Iridium 10 flashes above Rome – 9 June 2018
When you look up at night, you can see much more than the stars and many natural celestial bodies: plenty of artificial satellite passes add to the beauty of the sky, sometimes offering unique shows. Like the Iridium flares.
Iridium flares, due to artificial satellites belonging to the Iridium Satellite Constellation, have been very popular over the last two decades, offering amazing opportunities to see something very bright happening in the sky. For sure, they contributed to promote the wonders of the night sky. Unfortunately, they are going to disappear soon, so it would be great if we observe them until they are gone.
On 9 June, 2018, a bright Iridium flare event, involving the Iridium 10 satellite, was expected to shine above Rome. It was going to happen in a dark sky, after the end of the astronomical twilight, and peaking at mag. -5.8, all this making the event quite remarkable. I decided to image it, hopefully including something special in my image.

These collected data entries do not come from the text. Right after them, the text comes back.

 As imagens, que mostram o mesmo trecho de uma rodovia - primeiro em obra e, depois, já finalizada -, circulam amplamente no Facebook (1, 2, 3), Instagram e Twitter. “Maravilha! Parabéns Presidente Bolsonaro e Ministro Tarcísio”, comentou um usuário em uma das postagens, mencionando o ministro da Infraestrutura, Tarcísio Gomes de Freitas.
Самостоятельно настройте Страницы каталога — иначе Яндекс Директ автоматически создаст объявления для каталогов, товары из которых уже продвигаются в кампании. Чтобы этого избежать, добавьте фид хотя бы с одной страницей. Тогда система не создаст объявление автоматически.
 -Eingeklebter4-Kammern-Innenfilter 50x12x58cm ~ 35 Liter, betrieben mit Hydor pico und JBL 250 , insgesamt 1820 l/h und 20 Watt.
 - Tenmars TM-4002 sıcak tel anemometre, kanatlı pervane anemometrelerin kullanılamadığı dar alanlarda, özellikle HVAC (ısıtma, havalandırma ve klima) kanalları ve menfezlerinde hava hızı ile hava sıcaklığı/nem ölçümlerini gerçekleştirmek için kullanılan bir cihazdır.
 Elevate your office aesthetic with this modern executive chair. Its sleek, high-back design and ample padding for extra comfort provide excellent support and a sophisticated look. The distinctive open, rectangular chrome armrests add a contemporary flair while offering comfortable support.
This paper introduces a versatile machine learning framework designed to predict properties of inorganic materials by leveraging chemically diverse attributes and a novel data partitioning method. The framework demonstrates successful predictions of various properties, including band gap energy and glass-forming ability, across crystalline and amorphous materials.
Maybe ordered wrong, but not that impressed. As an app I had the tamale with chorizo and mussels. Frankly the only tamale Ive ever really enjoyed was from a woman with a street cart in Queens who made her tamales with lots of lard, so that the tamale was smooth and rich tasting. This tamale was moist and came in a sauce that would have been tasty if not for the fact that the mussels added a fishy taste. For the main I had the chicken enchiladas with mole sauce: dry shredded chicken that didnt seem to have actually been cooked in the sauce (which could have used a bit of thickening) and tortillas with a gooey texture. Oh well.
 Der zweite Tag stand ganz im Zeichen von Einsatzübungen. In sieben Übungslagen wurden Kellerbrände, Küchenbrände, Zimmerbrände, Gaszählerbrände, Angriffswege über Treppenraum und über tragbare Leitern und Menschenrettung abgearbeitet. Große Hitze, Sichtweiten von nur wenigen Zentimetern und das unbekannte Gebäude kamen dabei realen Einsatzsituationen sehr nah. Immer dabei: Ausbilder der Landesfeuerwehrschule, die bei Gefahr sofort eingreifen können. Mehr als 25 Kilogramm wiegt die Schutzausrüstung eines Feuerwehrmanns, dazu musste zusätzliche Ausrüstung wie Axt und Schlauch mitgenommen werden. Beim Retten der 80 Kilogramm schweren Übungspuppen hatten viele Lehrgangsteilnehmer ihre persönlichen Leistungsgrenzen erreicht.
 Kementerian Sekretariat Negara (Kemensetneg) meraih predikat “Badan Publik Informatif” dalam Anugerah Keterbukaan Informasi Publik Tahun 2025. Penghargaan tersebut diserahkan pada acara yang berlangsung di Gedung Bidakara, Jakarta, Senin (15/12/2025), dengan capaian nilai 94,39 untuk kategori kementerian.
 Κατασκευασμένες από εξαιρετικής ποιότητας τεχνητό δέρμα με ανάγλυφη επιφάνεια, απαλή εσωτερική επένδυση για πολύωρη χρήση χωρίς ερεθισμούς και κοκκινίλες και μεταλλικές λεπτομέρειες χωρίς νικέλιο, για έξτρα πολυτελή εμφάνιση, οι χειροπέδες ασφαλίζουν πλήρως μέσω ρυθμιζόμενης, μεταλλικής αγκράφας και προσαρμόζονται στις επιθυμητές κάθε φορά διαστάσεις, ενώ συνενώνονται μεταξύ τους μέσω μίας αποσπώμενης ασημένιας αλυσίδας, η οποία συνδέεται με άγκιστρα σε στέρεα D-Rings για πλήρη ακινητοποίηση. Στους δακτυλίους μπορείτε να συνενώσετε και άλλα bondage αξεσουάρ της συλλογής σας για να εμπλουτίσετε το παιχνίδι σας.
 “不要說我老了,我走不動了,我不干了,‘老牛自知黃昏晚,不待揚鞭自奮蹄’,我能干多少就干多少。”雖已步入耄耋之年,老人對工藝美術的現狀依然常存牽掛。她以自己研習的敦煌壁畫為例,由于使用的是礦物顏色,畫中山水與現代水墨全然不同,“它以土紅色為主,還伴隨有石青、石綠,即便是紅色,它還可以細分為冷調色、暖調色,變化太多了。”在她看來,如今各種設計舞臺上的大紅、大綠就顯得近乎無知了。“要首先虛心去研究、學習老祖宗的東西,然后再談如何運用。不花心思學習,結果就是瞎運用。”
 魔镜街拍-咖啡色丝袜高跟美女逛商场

Considering the altitude of the flare was about 20 degrees, it was a perfect event to be framed with something from Rome, the Eternal City. I managed to find a nice place as for the imaging set and selected one from where I could see the Tiber river and the wonderful St. Peter’s Dome, a masterpiece tightened with the name of Michelangelo.
I used one of my Canon 5D mark IV DSLR bodies and a Canon EF 24-70mm f/2.8L II USM lens, set at 41mm @f/4. Considering the exact moment of the brightness peak, I started the exposure 10 seconds before and ended it 10 seconds after. Of course the imaging setup was properly installed on a sturdy tripod.
The resulting image is shared above: I’m very happy with the results and i’m already looking forward to see another bright event!